> Work order: Your answer must be an exact copy of the listing that follows, with all pictures omitted.

> Source material:
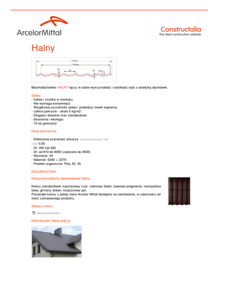 Halny Blachodachówka HALNY łączy w sobie wytrzymałość i solidność stali z estetyką dachówek. Zalety: - Łatwa i szybka w montażu - Nie wymaga konserwacji - Wyjątkowa szczelność połaci: podwójny rowek kapilarny - Lekkie pokrycie - około 5 kg/m2 - Długości dowolne oraz standardowe - Ekonomia i ekologia - 10 lat gwarancji Dane techniczne: - Efektywna szerokość arkusza mm'>mm'>mm'>mm]: 1100 - Cał : 0,50 - Dł: 350 lub 400 - Dł: od 810 do 6000 (zalecane do 4500) - Wysokoś: 43 - Materiał: S250 + Z275 - Powłoki organiczne: Poly 25, 35 KOLORYSTYKA Kolorystyka blachy dachówkowej Halny Kolory standardowe: kasztanowy czar, rubinowy blask, kawowe pragnienie, marsjańska lawa, gliniany dzban, księżycowy pył. Pozostałe kolory z palety barw Arcelor Mittal dostępne na zamówienie, w zależności od ilości zamawianego produktu. Zobacz kolory: Gama kolorów Halny PRZYKŁADY REALIZACJI Copyright © 2014 Constructalia. All rights reserved
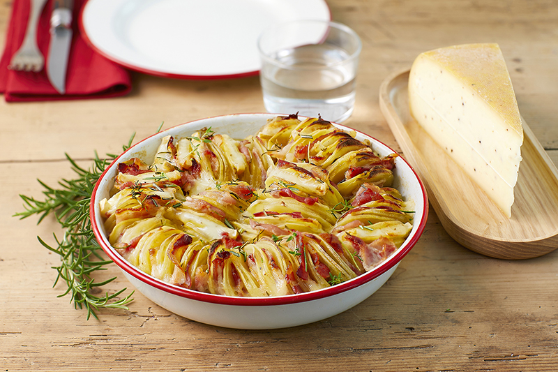 Millefeuille de pommes de terre, fromage à raclette à la truffe d’été et lard fumé au thym et romarin
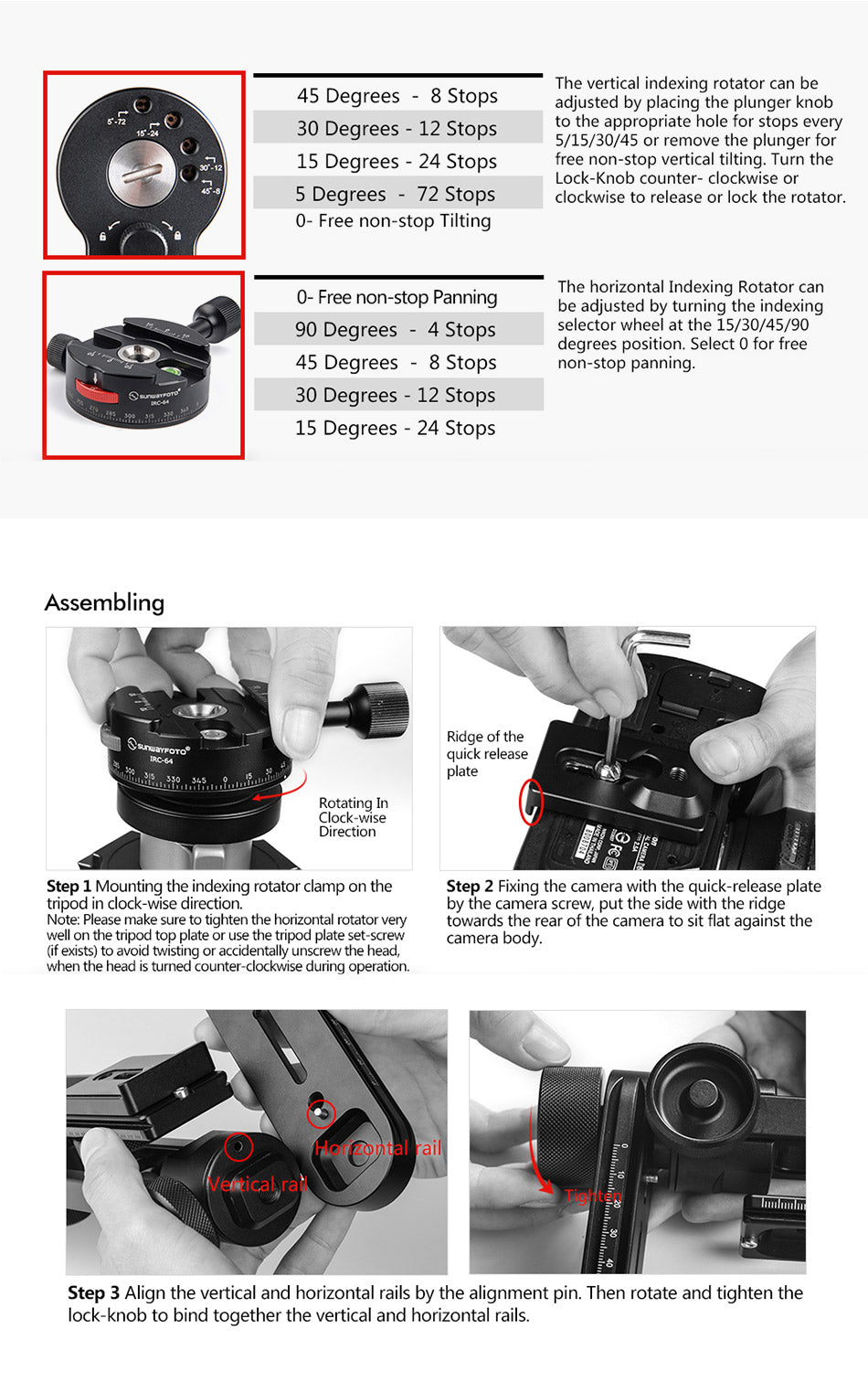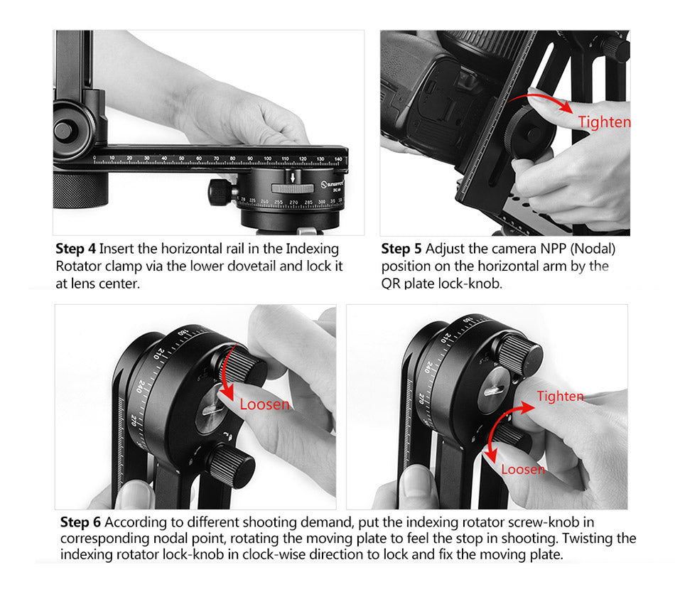 The horizontal indexing rotator clamp works in combination with the vertical indexing rotator to provide as many as 1728 photos at smallest nodal point.

> Written response:
 Halny Blachodachówka HALNY łączy w sobie wytrzymałość i solidność stali z estetyką dachówek. Zalety: - Łatwa i szybka w montażu - Nie wymaga konserwacji - Wyjątkowa szczelność połaci: podwójny rowek kapilarny - Lekkie pokrycie - około 5 kg/m2 - Długości dowolne oraz standardowe - Ekonomia i ekologia - 10 lat gwarancji Dane techniczne: - Efektywna szerokość arkusza mm'>mm'>mm'>mm]: 1100 - Cał : 0,50 - Dł: 350 lub 400 - Dł: od 810 do 6000 (zalecane do 4500) - Wysokoś: 43 - Materiał: S250 + Z275 - Powłoki organiczne: Poly 25, 35 KOLORYSTYKA Kolorystyka blachy dachówkowej Halny Kolory standardowe: kasztanowy czar, rubinowy blask, kawowe pragnienie, marsjańska lawa, gliniany dzban, księżycowy pył. Pozostałe kolory z palety barw Arcelor Mittal dostępne na zamówienie, w zależności od ilości zamawianego produktu. Zobacz kolory: Gama kolorów Halny PRZYKŁADY REALIZACJI Copyright © 2014 Constructalia. All rights reserved
 Millefeuille de pommes de terre, fromage à raclette à la truffe d’été et lard fumé au thym et romarin
 The horizontal indexing rotator clamp works in combination with the vertical indexing rotator to provide as many as 1728 photos at smallest nodal point.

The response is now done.